Shen Junbo, Xue Bing, Kannampallil Thomas, Lu Chenyang, Abraham Joanna
Department of Computer Science and Engineering, Washington University in St Louis, St Louis, MO 63130, United States.
AI for Health Institute, Washington University in St Louis, St Louis, MO 63130, United States.
J Am Med Inform Assoc. 2025 Mar 1;32(3):459-469. doi: 10.1093/jamia/ocae316.
Early detection of surgical complications allows for timely therapy and proactive risk mitigation. Machine learning (ML) can be leveraged to identify and predict patient risks for postoperative complications. We developed and validated the effectiveness of predicting postoperative complications using a novel surgical Variational Autoencoder (surgVAE) that uncovers intrinsic patterns via cross-task and cross-cohort presentation learning.
This retrospective cohort study used data from the electronic health records of adult surgical patients over 4 years (2018-2021). Six key postoperative complications for cardiac surgery were assessed: acute kidney injury, atrial fibrillation, cardiac arrest, deep vein thrombosis or pulmonary embolism, blood transfusion, and other intraoperative cardiac events. We compared surgVAE's prediction performance against widely-used ML models and advanced representation learning and generative models under 5-fold cross-validation.
89 246 surgeries (49% male, median [IQR] age: 57 [45-69]) were included, with 6502 in the targeted cardiac surgery cohort (61% male, median [IQR] age: 60 [53-70]). surgVAE demonstrated generally superior performance over existing ML solutions across postoperative complications of cardiac surgery patients, achieving macro-averaged AUPRC of 0.409 and macro-averaged AUROC of 0.831, which were 3.4% and 3.7% higher, respectively, than the best alternative method (by AUPRC scores).
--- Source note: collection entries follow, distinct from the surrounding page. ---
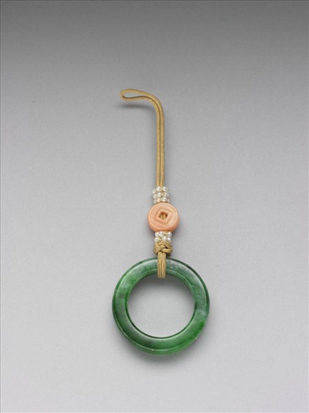 翠玉環,繫黃縧,上飾白米珠及雕珊瑚錢紋一。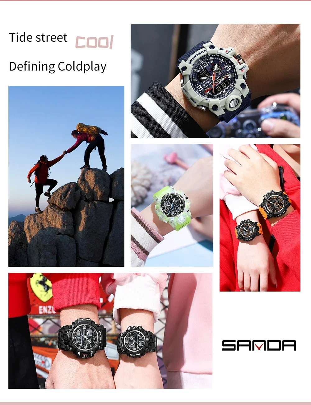 SANDA 3353 LED Sports Waterproof Electronic Shockproof Lady Quartz Wristwatches Dual Display Digital Watch for Boy Girl Children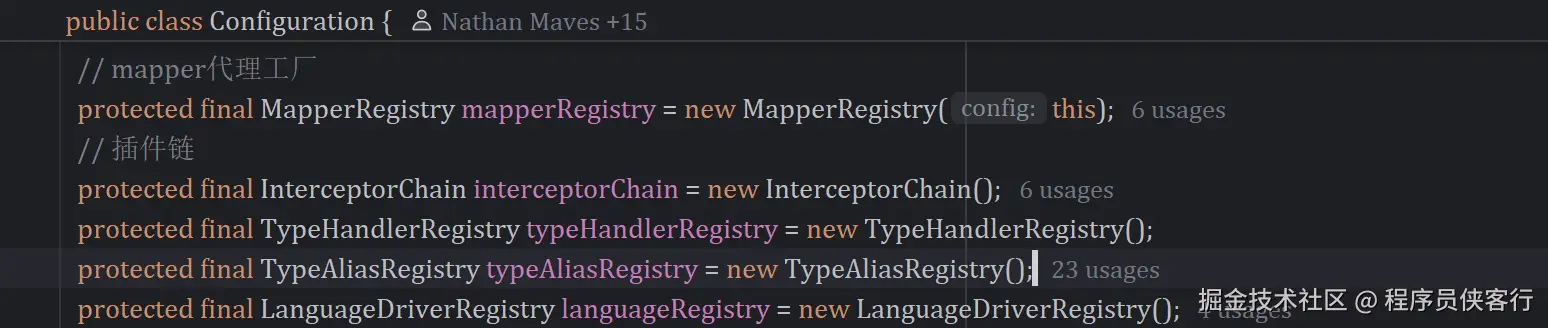 MyBatis 大量使用建造者模式解决「复杂对象初始化」问题,比如 SqlSessionFactoryBuilder、XMLConfigBuilder、MapperBuilderAssistant 等。

Model interpretation using Integrated Gradients highlighted key risk factors based on preoperative variable importance.
Our advanced representation learning framework surgVAE showed excellent discriminatory performance for predicting postoperative complications and addressing the challenges of data complexity, small cohort sizes, and low-frequency positive events. surgVAE enables data-driven predictions of patient risks and prognosis while enhancing the interpretability of patient risk profiles.
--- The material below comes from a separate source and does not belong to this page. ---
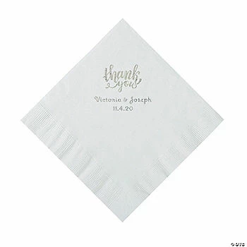 Best Sale 🛒 White Thank You Personalized Napkins with Silver Foil – Luncheon 👍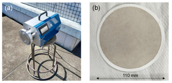 PM2.5 in the air was collected on a quartz filter (Advantec Toyo; diameter = 110 mmφ, thickness = 0.38 mm, SiO2 > 99%) using a high-volume air sampler (Shibata, Tokyo, Japan; HV-500R attached with a particle size selector for PM2.5). It was collected at a flow rate of 500 L/min for 24 h at the roof of the school building of Tokai University, Kanagawa, Japan (35°21′42.4″ N, 139°16′29.0″ E, approximately 20 m above the ground). Figure 8 shows the high-volume air samplers used and the typical appearance of PM2.5 collected on the quartz filter. Sampling was conducted from August to November 2021. Before and after sampling, the filters were conditioned for more than 24 h under constant temperature (21 °C) and relative humidity (40 ± 4%), and, thereafter, the weight of the filter was measured using a microbalance (Shimadzu, Kyoto, Japan; ATX224). The concentration of PM2.5 was determined from the weight difference and total sampling volume of air.

早期发现手术并发症有助于及时治疗并积极降低风险。机器学习(ML)可用于识别和预测患者术后并发症风险。我们开发并验证了一种新型手术变分自编码器(surgVAE)预测术后并发症的有效性,该模型通过跨任务和跨队列呈现学习来揭示内在模式。
这项回顾性队列研究使用了4年(2018 - 2021年)期间成年手术患者电子健康记录中的数据。评估了心脏手术的六种关键术后并发症:急性肾损伤、心房颤动、心脏骤停、深静脉血栓形成或肺栓塞、输血以及其他术中心脏事件。在五折交叉验证下,我们将surgVAE的预测性能与广泛使用的ML模型以及先进的表征学习和生成模型进行了比较。
共纳入89246例手术(49%为男性,年龄中位数[四分位间距]:57[45 - 69]岁),其中目标心脏手术队列有6502例(61%为男性,年龄中位数[四分位间距]:60[53 - 70]岁)。在心脏手术患者的术后并发症方面,surgVAE总体表现优于现有的ML解决方案,宏观平均精确率均值为0.409,宏观平均受试者工作特征曲线下面积为0.831,分别比最佳替代方法(按精确率均值得分)高3.4%和3.7%。使用集成梯度进行的模型解释突出了基于术前变量重要性的关键风险因素。
我们先进的表征学习框架surgVAE在预测术后并发症以及应对数据复杂性、小队列规模和低频阳性事件等挑战方面表现出出色的辨别性能。surgVAE能够进行数据驱动的患者风险和预后预测,同时增强患者风险概况的可解释性。